*Data shown*.

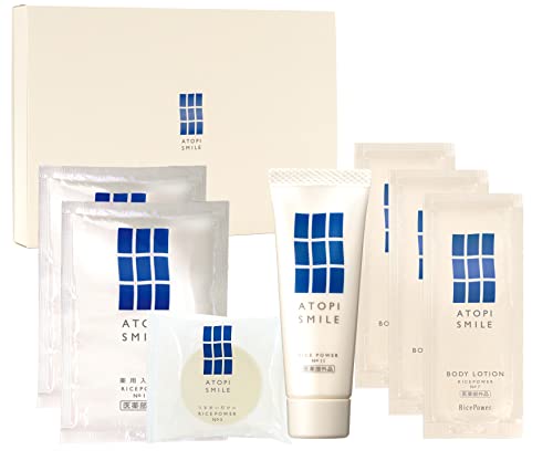 アトピスマイルの4アイテムセットは、皮膚トラブル対策に最適です。クリーム25g、ボディローション、入浴液、石鹸が含まれ、肌をやさしくケアします。トライアルキットでリピートしやすいです。ライスパワーを使用。
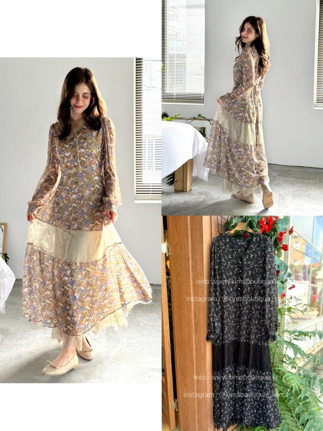 KB364 彩色花花拼蕾絲OP
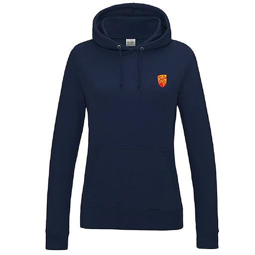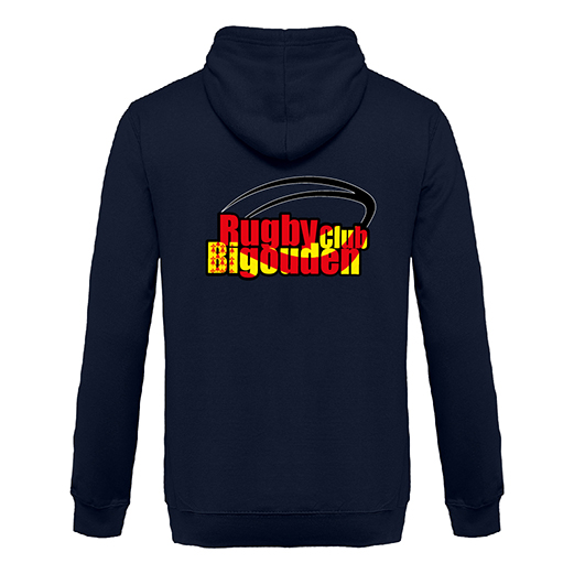 Sweat à capuche doublée sérigraphié. Coupe féminine. Poche kangourou. Double coutures. Cordons ton sur ton. Poignets et ourlet en bords côte.

*Work task*. The data must come back word for word, with every picture removed.

*Output for this exercise*.
 アトピスマイルの4アイテムセットは、皮膚トラブル対策に最適です。クリーム25g、ボディローション、入浴液、石鹸が含まれ、肌をやさしくケアします。トライアルキットでリピートしやすいです。ライスパワーを使用。
 KB364 彩色花花拼蕾絲OP
 Sweat à capuche doublée sérigraphié. Coupe féminine. Poche kangourou. Double coutures. Cordons ton sur ton. Poignets et ourlet en bords côte.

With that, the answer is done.